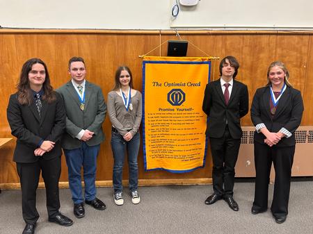 March 19, 2026| Five Cicero-North Syracuse High School students showcased their public speaking talents during the CNS Optimist Club 2026 Oratorical Contest, held Tuesday, March 3, at the Jerome F. Melvin Administrative Office Building. This year’s contest featured CNS senior Joey Cox, CNS sophomore Aleks Atakan Galway, CNS senior Noah Seitz, CNS sophomore Alexis Sturgeon and CNS senior Chloe Tice. Each student delivered an eloquent and heartfelt speech based on the 2026 theme, “The Moment I Realized I Belonged — My Definition of Community.” Pictured (left to right): Noah Seitz, Joey Cox, Alexis Sturgeon, Aleks Atakan Galway and Chloe Tice
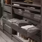 «Сложной и одновременно интересной задачей в процессе создания серии КОМЛИМЕНТ стала разработка единого стиля для разных внутренних элементов гардероба. Дизайн должен объединять элегантную стеклянную полку и функциональную вешалку для брюк. Все элементы должны сочетаться друг с другом, помогая вам без труда найти нужный предметов одежды или аксессуар. Товары серии выдержаны в нейтральном стиле и очень удобны. Теперь в вашем гардеробе будет царить идеальный порядок!»
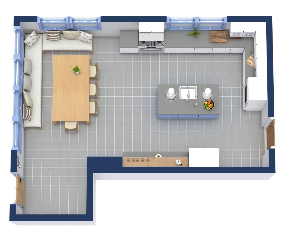 Dieser sonnige und helle Grundriss für eine Küche mit Frühstücksecke bietet viel Platz, um Ihre Lieblingsgerichte zuzubereiten und sich zum Genießen hinzusetzen. In der Ecke der Küche befindet sich eine gemütliche Sitzecke mit eingebauten Bänken, die Platz für bis zu zehn Personen bietet. In der Mitte der Küche befindet sich eine Kochinsel mit glatten Arbeitsflächen für die Zubereitung von Mahlzeiten und einer praktischen Spüle, die von einer modernen Hängeleuchte beleuchtet wird. Die umlaufenden Arbeitsflächen bieten Platz für einen Herd. Zudem können Sie in den Küchenschränken über den Arbeitsflächen Ihr gesamtes Geschirr und Ihre Kochutensilien unterbringen. Auf der gegenüberliegenden Seite befindet sich ein großer Kühlschrank und noch mehr Arbeitsfläche für einen Barbereich oder eine Kaffeestation. Gemeinsam kochen, speisen und unterhalten, während Sie das natürliche Sonnenlicht genießen, das durch die sorgfältig platzierten Fenster einfällt.
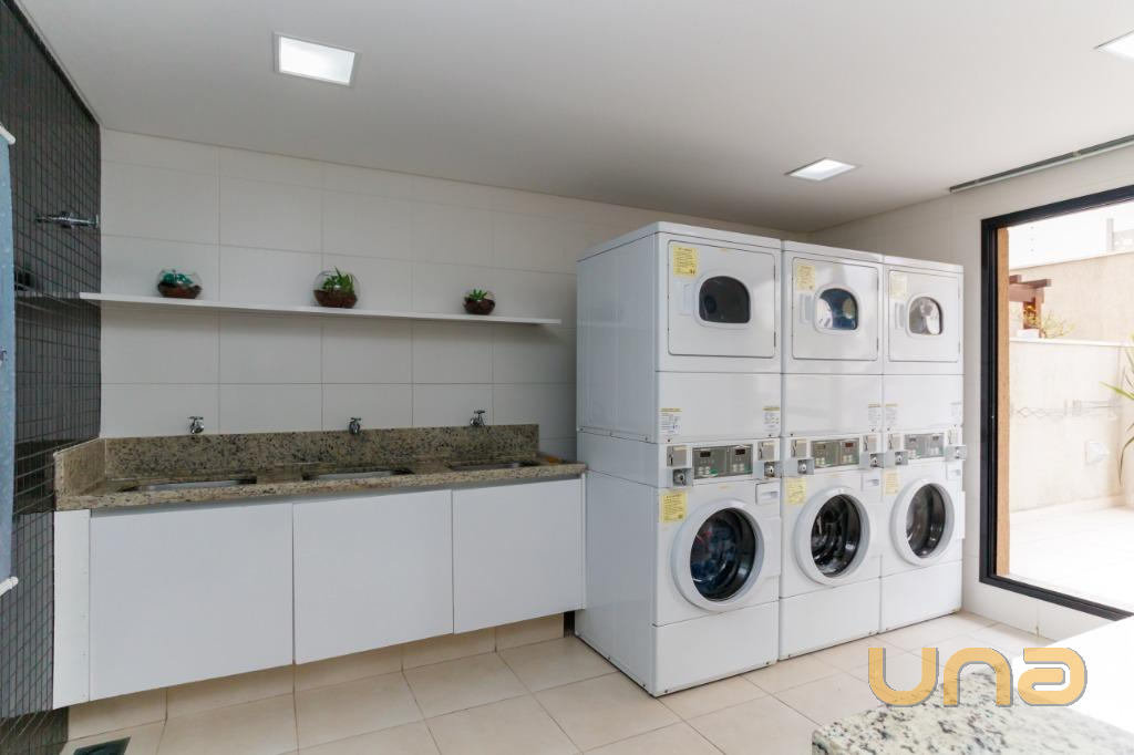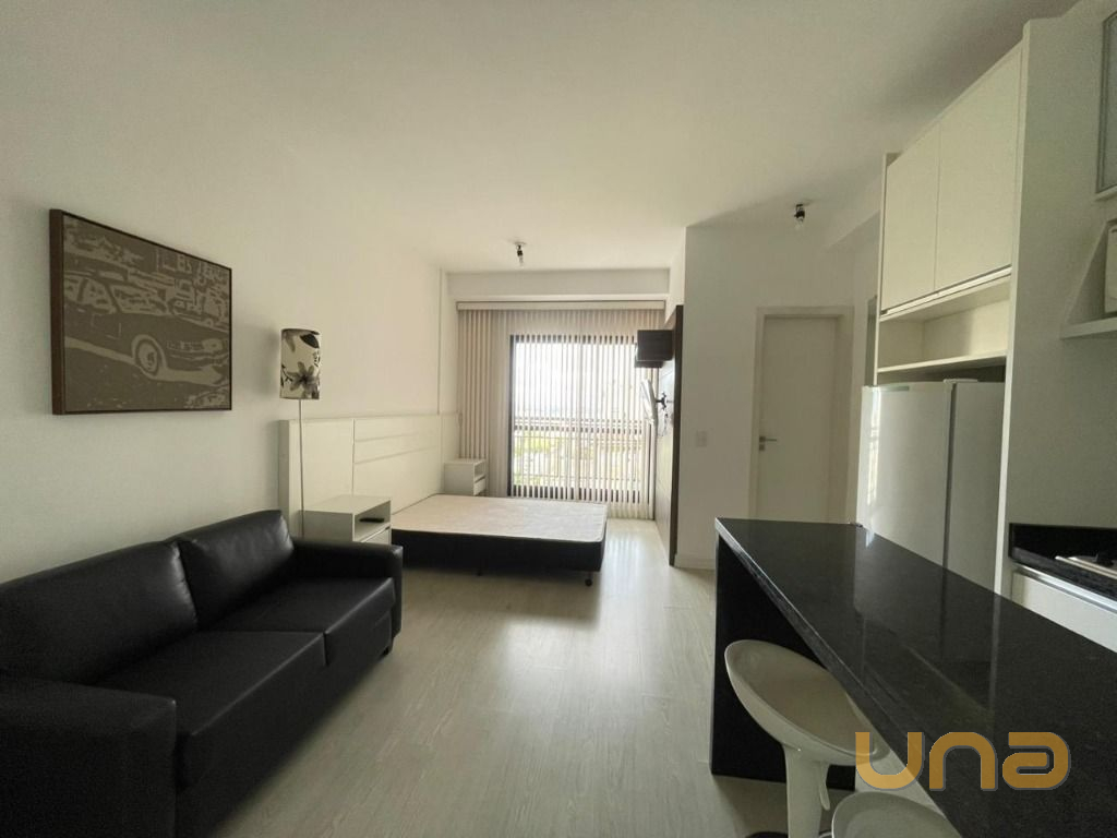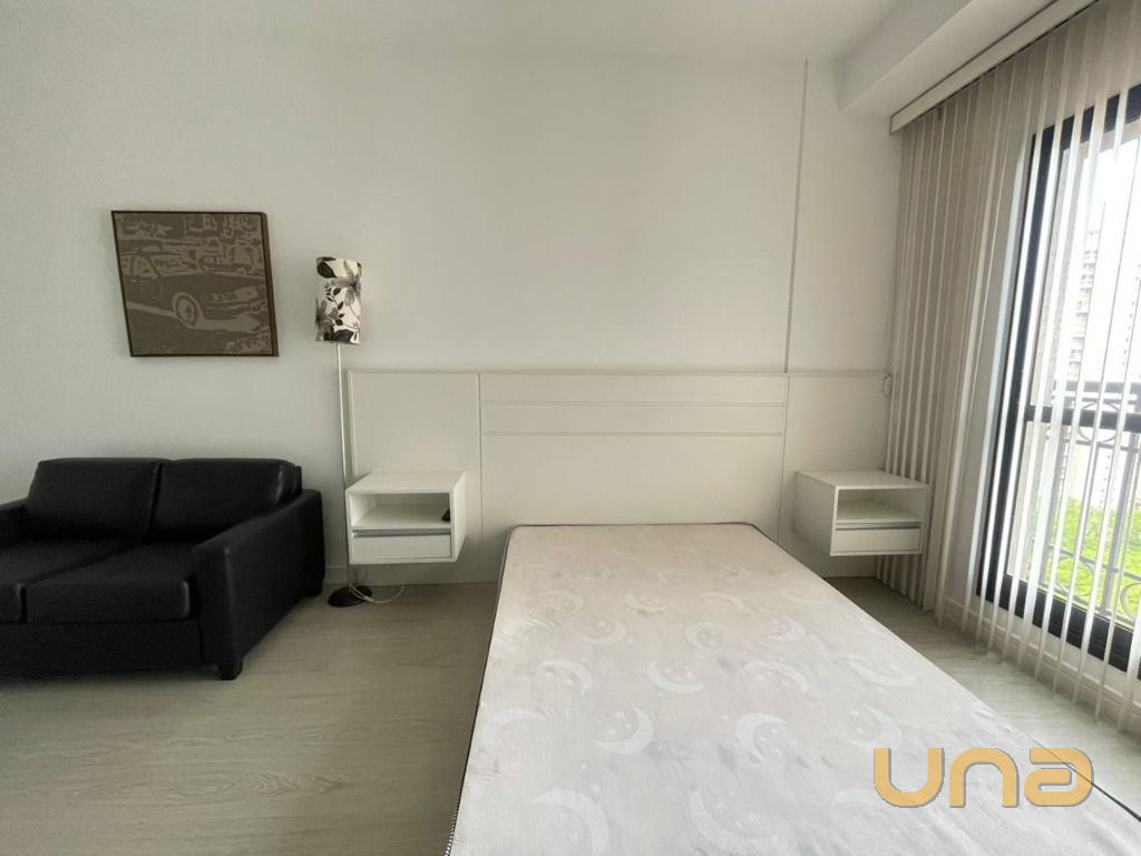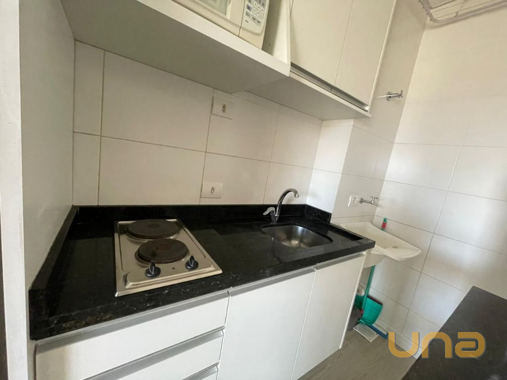 Apartamento com vista ampla, localizado no último andar do edifício Moving Home Space. Possui armários planejados, TV, sofá, cozinha equipada com geladeira, micro-ondas e cooktop, além de área de serviço com tanque e varal de teto. Não possui vaga de garagem, mas há estacionamentos próximos.

Work instruction
From the first line to the last, write out the data above exactly. Omit the pictures.

Written solution
 March 19, 2026| Five Cicero-North Syracuse High School students showcased their public speaking talents during the CNS Optimist Club 2026 Oratorical Contest, held Tuesday, March 3, at the Jerome F. Melvin Administrative Office Building. This year’s contest featured CNS senior Joey Cox, CNS sophomore Aleks Atakan Galway, CNS senior Noah Seitz, CNS sophomore Alexis Sturgeon and CNS senior Chloe Tice. Each student delivered an eloquent and heartfelt speech based on the 2026 theme, “The Moment I Realized I Belonged — My Definition of Community.” Pictured (left to right): Noah Seitz, Joey Cox, Alexis Sturgeon, Aleks Atakan Galway and Chloe Tice
 «Сложной и одновременно интересной задачей в процессе создания серии КОМЛИМЕНТ стала разработка единого стиля для разных внутренних элементов гардероба. Дизайн должен объединять элегантную стеклянную полку и функциональную вешалку для брюк. Все элементы должны сочетаться друг с другом, помогая вам без труда найти нужный предметов одежды или аксессуар. Товары серии выдержаны в нейтральном стиле и очень удобны. Теперь в вашем гардеробе будет царить идеальный порядок!»
 Dieser sonnige und helle Grundriss für eine Küche mit Frühstücksecke bietet viel Platz, um Ihre Lieblingsgerichte zuzubereiten und sich zum Genießen hinzusetzen. In der Ecke der Küche befindet sich eine gemütliche Sitzecke mit eingebauten Bänken, die Platz für bis zu zehn Personen bietet. In der Mitte der Küche befindet sich eine Kochinsel mit glatten Arbeitsflächen für die Zubereitung von Mahlzeiten und einer praktischen Spüle, die von einer modernen Hängeleuchte beleuchtet wird. Die umlaufenden Arbeitsflächen bieten Platz für einen Herd. Zudem können Sie in den Küchenschränken über den Arbeitsflächen Ihr gesamtes Geschirr und Ihre Kochutensilien unterbringen. Auf der gegenüberliegenden Seite befindet sich ein großer Kühlschrank und noch mehr Arbeitsfläche für einen Barbereich oder eine Kaffeestation. Gemeinsam kochen, speisen und unterhalten, während Sie das natürliche Sonnenlicht genießen, das durch die sorgfältig platzierten Fenster einfällt.
 Apartamento com vista ampla, localizado no último andar do edifício Moving Home Space. Possui armários planejados, TV, sofá, cozinha equipada com geladeira, micro-ondas e cooktop, além de área de serviço com tanque e varal de teto. Não possui vaga de garagem, mas há estacionamentos próximos.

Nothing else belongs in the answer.